Now-a-days, the sustainable production of consumer products is the major challenge faced by modern societies and future generations, after decades of reliance on fossil resources which, on one hand, did generate economic growth and prosperity but, on the other hand, has left serious ecological, geopolitical and social legacies. In this alarming context, the concept of circular bioeconomy is developing and promotes as a new sustainable and knowledge-based economic model centered on the use of renewable biomass/waste-derived agro-industrial and municipal wastes. What happens when an industry’s by-product turns out to be as precious as its primary products?
In this regard, every year millions of tons of chicken feather wastes gather in the waste stream. But, traditional disposal strategies such as incineration, burial in landfills are expensive, difficult and generate greenhouse gases or pose danger to the environment. In spite of advances in the biomedical field, there are no ideal keratin-based biomaterials (biocomposite) available for clinical use till date, but their unique properties, such as remarkable biocompatibility, propensity for self-assembly, biodegradability, mechanical strength and natural profusion, make them good raw materials for future applications. Although there is scope for better utilization of the keratin-based wastes, at present there are no sustainable strategies developed for making good use of these wastes. Making good use of wastes from renewable resources is an attractive concept from both commercial and environmental perspectives is a challenging task.

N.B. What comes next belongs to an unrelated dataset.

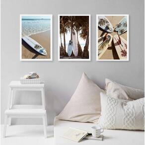 Kit 3 quadros coleção praia - pranchas surf 33x24cm - com vidro Moldura: madeira branca Informações do produto tire todas as suas dúvidas no descritivo abaixo: decoração para quarto, sala, cozinha, escritório, área gourmet e muito mais. Chega de paredes vazias medidas - cada peça tem 33x24cm a4 . Material do papel - papel fotográfico brilhante de altíssima resolução acabamento - todos os quadros são acompanhados de vidro para proteção da imagem. - moldura em madeira maciça na cor preta ou branca conforme produto escolhido e pendurador . - os quadros são embalados de forma segura com plástico bolha com camada dupla de acordo com o tamanho dos quadros. Garantia - garantia de 3 meses. Meu quadro chegou. Como posso fixá-lo Você precisa apenas de um martelo e um prego, pois os quadros já vão acompanhados de penduradores. Esta é a forma mais indicada. Como posso limpar meu quadro A limpeza é feita como um móvel comum da sua casa. Apenas um pano seco ou espanador são suficientes para tal Ean: 7898154548546
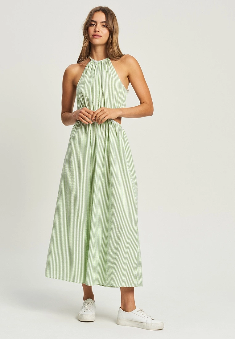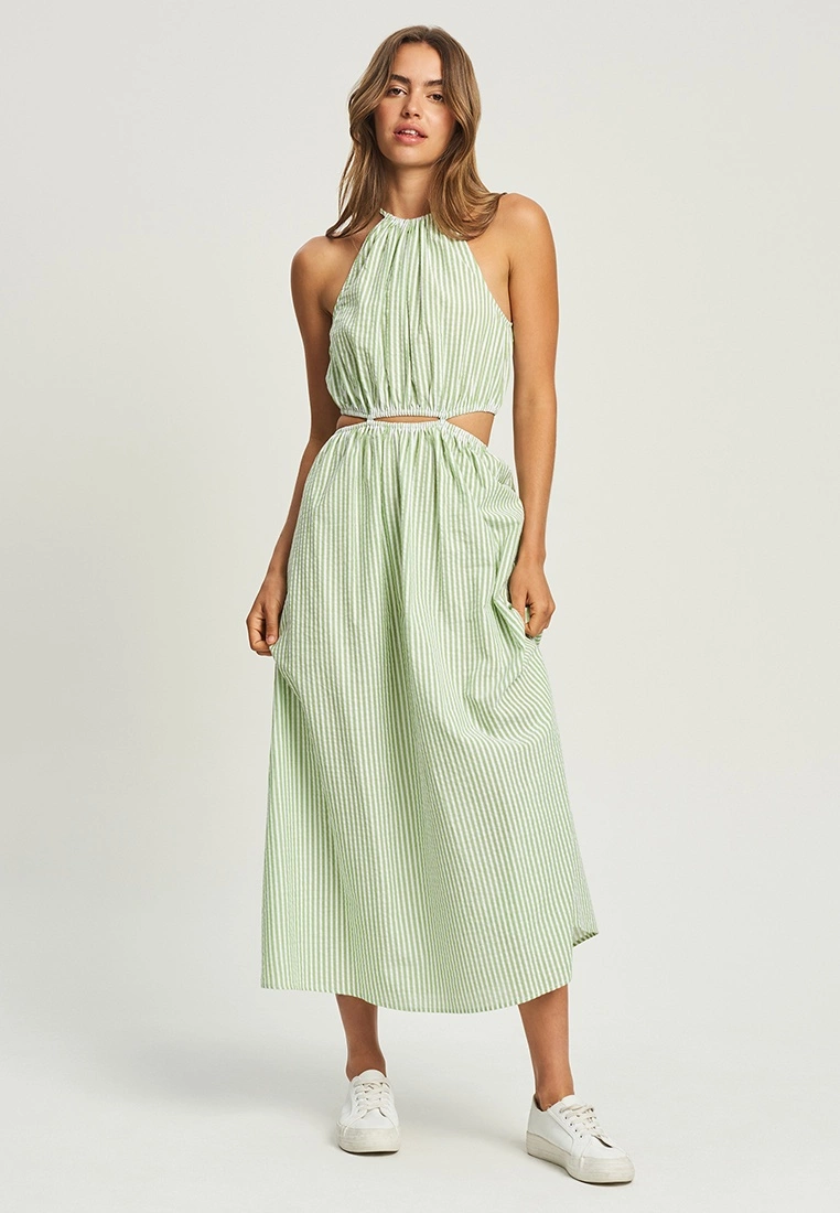 Our model is wearing a Size 8/S AU (4/S US). She usually wears a standard Size 8/S AU (4/S US), is 5’9.5 (175cm) tall, and has a 76cm bust, 61cm waist and 89cm hips.

If animal wastes can be reused, we can turn the waste into wealth. Keratin based wastes can be recycled made eco-friendly in many ways in order to ensure sustainable practices in livestock/ poultry farming and reduce environmental threats.
Feathers are made up of 90% keratin – the same fibrous protein that gives hair, hoofs, and horns their toughness. Researchers are exploring novel methods for turning the poultry industry’s feather wastes into products ranging from paper to automobile body parts to high-quality animal feed, saving trees and replacing fossil based/man-made materials. In this regard, we have initiated to develop a proof of concept to exploit the potential to convert feather wastes into useful consumer products. The present need is to find the green and eco-friendly methods for the extraction of keratin biomass with the minimal usage of harmful acids and chemicals. The use of keratin biomass for biomedical applications is one of the areas of research, still needs to be explored. There is no systematic study on morphological aspects of keratin-based wastes such as hoof, feather, and wool which have potential biomedical applications.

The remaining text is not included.